The Marmolada, the largest glacier of the Dolomites — a mountain range in northeastern Italy — could melt completely by 2040, scientists have warned. Experts have attributed this to rising temperatures and snow droughts. 


The findings were shared with the public by Italian scientists who participated in a campaign called 'Caravan of Glaciers' launched by Legambiente, an environmentalist group, and the International Commission for the Protection of the Alps (CIPRA) with the support of the Italian Glacier Committee.
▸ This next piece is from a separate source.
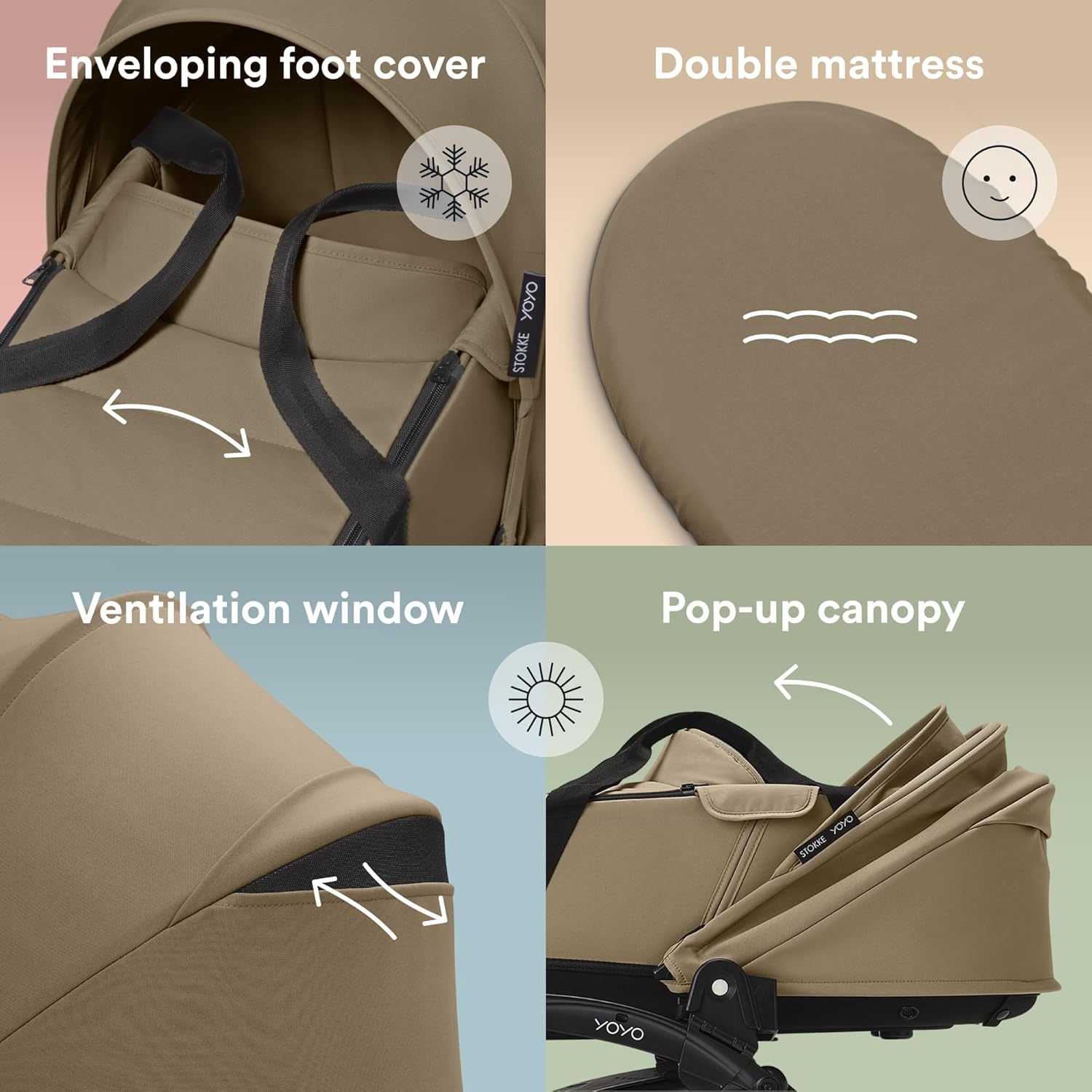 Whether you're navigating narrow spaces, hopping in a cab, or flying across the world, the Yoyo3 fits where others don't - including most overhead airplane compartments. Crafted with premium materials and a sleek design, this complete stroller grows with your child while keeping comfort, safety, and style in focus.

The scientists, who have been monitoring glaciers as part of the campaign, said on Monday that Marmolada was losing between 7 and 10 cm of depth a day. 


A press release issued by Legambiente said that, in the past five years, the Marmolada had lost 173 acres of its surface area, equivalent to 98 football fields, in a stark testament to the effects of the climate emergency. It stated that the glacier was now in an “irreversible coma”, adding that the Marmolada had withdrawn by 1,200 metres since the beginning of scientific measurements in 1888.
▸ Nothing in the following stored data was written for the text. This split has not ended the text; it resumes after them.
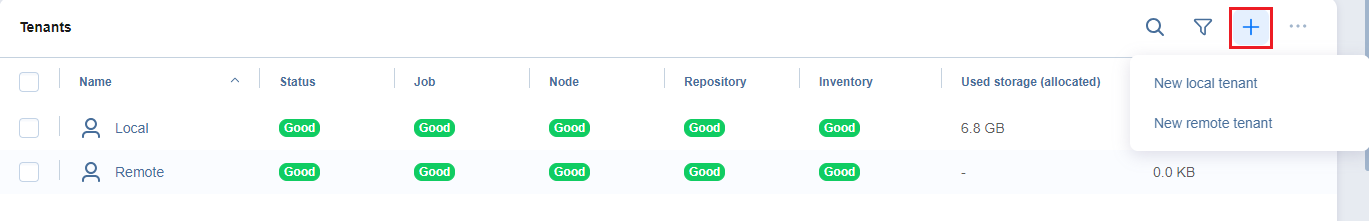 Added standalone NAKIVO Backup & Replication instances are visible in the Tenants Dashboard as remote tenants. To learn how to create new remote tenants by using the Tenants Dashboard, refer to Creating a Remote Tenant.
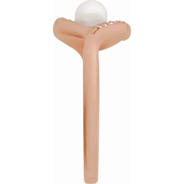 14K Rose Cultured Akoya Pearl & .05 CTW Natural Diamond Ring
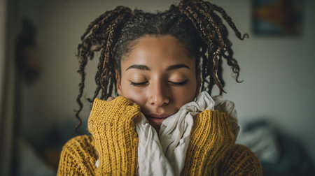 A young woman with braided hair in a mustard yellow knit sweater enjoys the scent of freshly washed laundry. Her relaxed expression captures a cozy, serene moment.
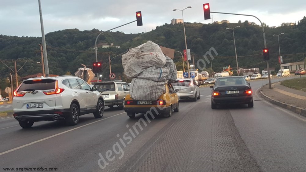 Zonguldak’ın Ereğli ilçesinde bir araca aşırı yük yükleyen araç ve sürücüsünün o anları cep telefonu ile görüntülendi.
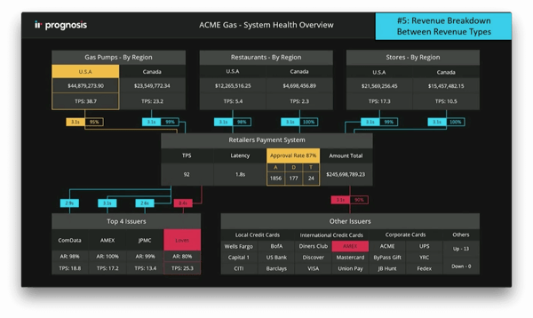Below is an overall view of an entire processing environment. This type of dashboard view is compelling because it breaks items down by product type. In this case, we're looking at a processor for truck stops, which includes gas pumps, restaurants, and convenience stores by region. As you can see, this view also has visual alerts built around individual metrics. On the upper left is a yellow alert showing that approval rates are lower than normal. The information gets filtered down into the payment system itself in the center pane, and then drills down further into the issuers and authorizers of the card transactions. (This example demonstrates how it's possible to actually drill down all the way through the transaction path and gain visibility into the entire ecosystem.)
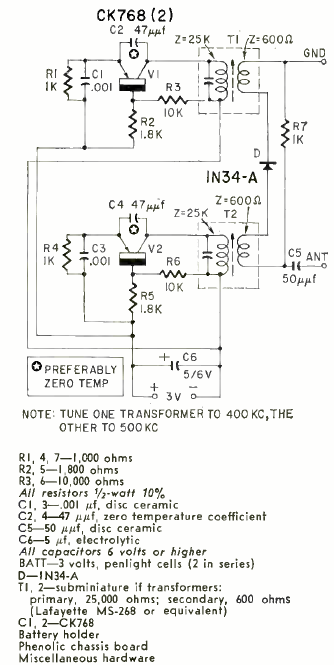 Este circuito gera sinais em frequências fixas para calibração de receptores de ondas curtas. Encontramos numa revista Radio Electronics de setembro de 1959. O circuito é alimentado por duas pilhas.
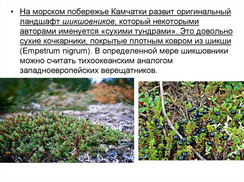 • На морском побережье Камчатки развит оригинальныйландшафт шикшовников, который некоторыми
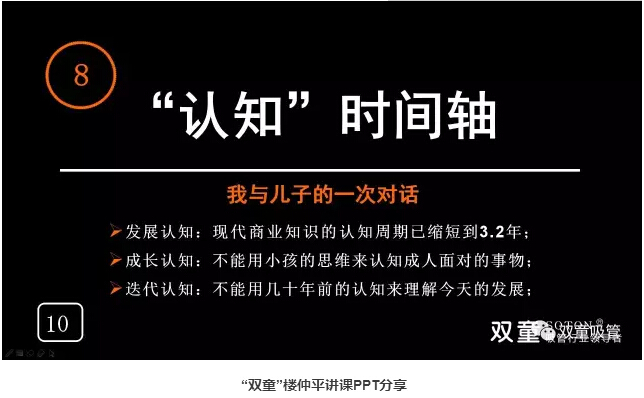 “認知”時間軸:“雙童”樓仲平通過自己與兒子的一次對話認知到不能用慣性思維來認知我們的下一代。樓仲平的成長也伴隨著不斷的否定,在認知、糾錯、不斷改變下實現(xiàn)自我成長。“創(chuàng)業(yè)者”最應(yīng)該有“時間軸”的概念,需要擁有自我蛻變的能力,否則你就很難成長!
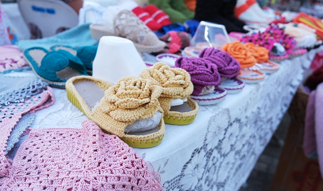 Kermeste Kemerli kadınların sergilediği el emeği göz nuru ürünleri inceleyen Başkan

“At this rate, by 2040, the Marmolada glacier will no longer exist,” the release said.


The climate emergency is said to have had an impact across the Italian Alps. Winter droughts with very little snowfall combined with unusually high summer temperatures are causing the glaciers to rapidly melt.


Two of the largest glaciers in Italy — the Adamello, located between Lombardy and Trentino, and Forni, in Lombardy — have shown worrying trends as well. Forni has reportedly retreated 800 metres within the past 30 years and 2 km over the past century. Since 2016, the Adamello glacier, the largest in Italy, has retreated "~200m due to global warming", according to Copernicus, the Earth observation arm of the EU's space programme. 


In 2022, a glacier on the Marmolada mountain collapsed, which sent an avalanche of ice, snow and rocks down the slope, killing 11 people. 


Due to the glaciers melting, tons of waste has resurfaced in the area, including perfectly preserved weapons, sledges, letters, diaries, and even bodies of soldiers who fought during World War I.